[[ Information provided open ]]
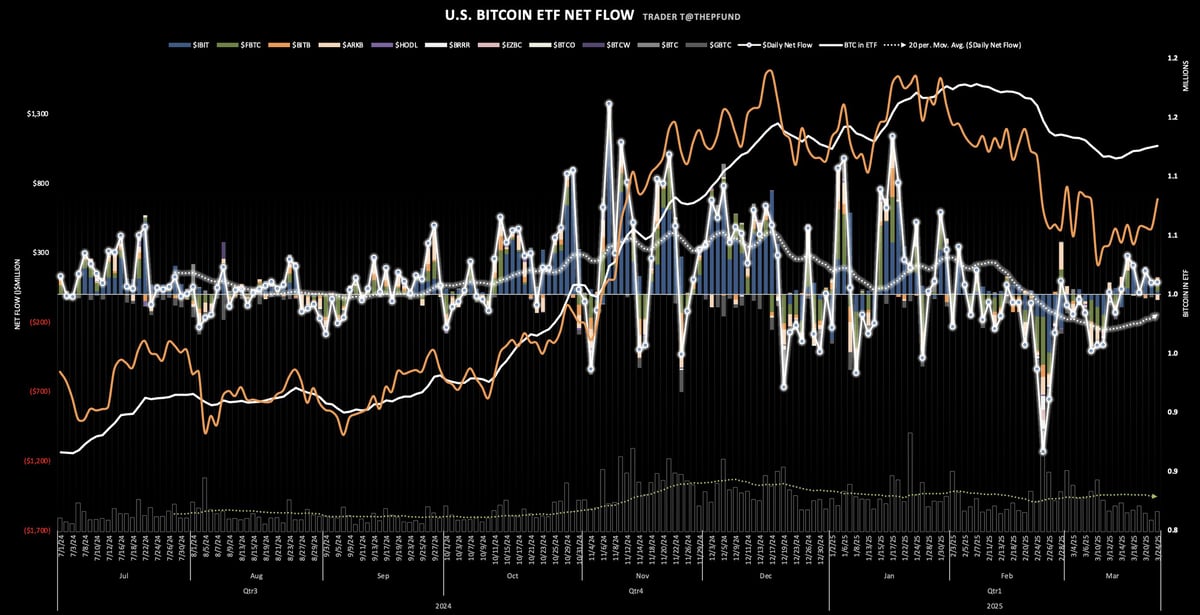 미국 비트코인 현물 ETF 시장으로의 자금 유입이 지속되고 있다. 3월 24일(현지시간) 기준, 총 8420만 달러(약 1237억 원)의 순유입이 발생하며 7거래일 연속 순유입세를 이어갔다.
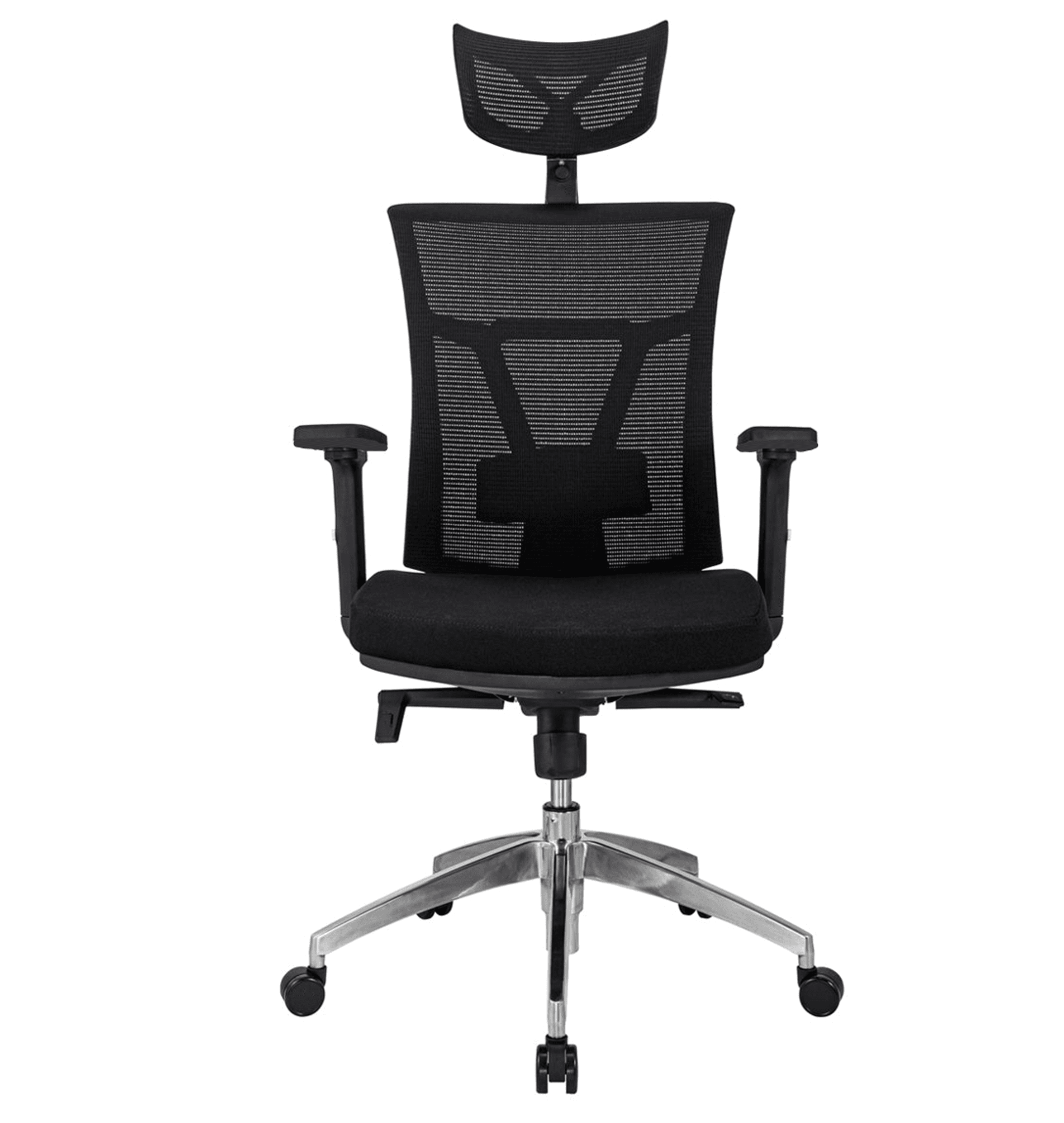 Cabecero en tela microperforada tipo malla material poliéster, ajustable en altura y angulo.
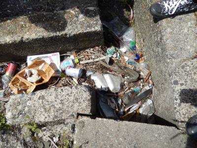 5年生はこれまでの学習で,小木の町のごみを減らしたいという想いを持ち,発信してきました。しかし,町のごみは減っていないという事に気づき,どんな場所にどんな種類のごみがあるのかを調べました。
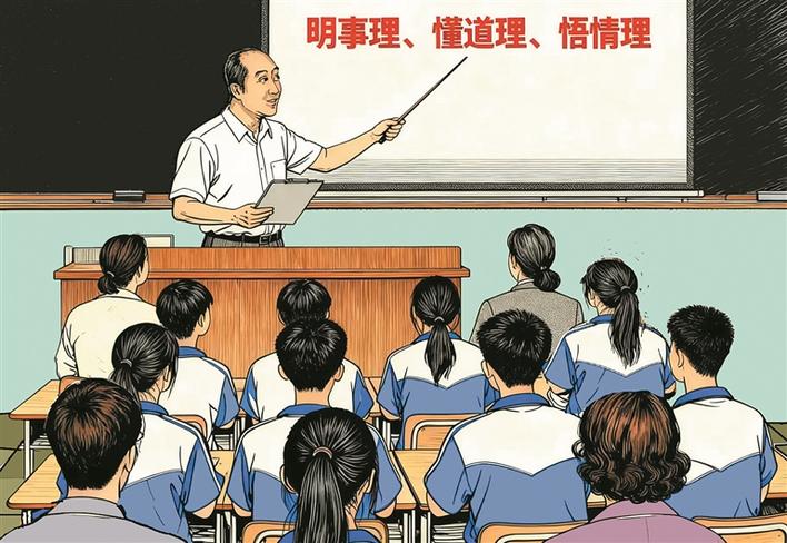 ⑨多年来,邵宝斌一直坚持开展教学研究,在网上听优质课、分析课题、设计教案。研究有了成果,他就在实践中反复应用,反复总结提炼,最终总结出“明事理、懂道理、悟情理”的教学模式。
[[ Information provided closed ]]
# What is needed
Copy the entire listing exactly but skip the pictures.

# Result of the exercise
 미국 비트코인 현물 ETF 시장으로의 자금 유입이 지속되고 있다. 3월 24일(현지시간) 기준, 총 8420만 달러(약 1237억 원)의 순유입이 발생하며 7거래일 연속 순유입세를 이어갔다.
 Cabecero en tela microperforada tipo malla material poliéster, ajustable en altura y angulo.
 5年生はこれまでの学習で,小木の町のごみを減らしたいという想いを持ち,発信してきました。しかし,町のごみは減っていないという事に気づき,どんな場所にどんな種類のごみがあるのかを調べました。
 ⑨多年来,邵宝斌一直坚持开展教学研究,在网上听优质课、分析课题、设计教案。研究有了成果,他就在实践中反复应用,反复总结提炼,最终总结出“明事理、懂道理、悟情理”的教学模式。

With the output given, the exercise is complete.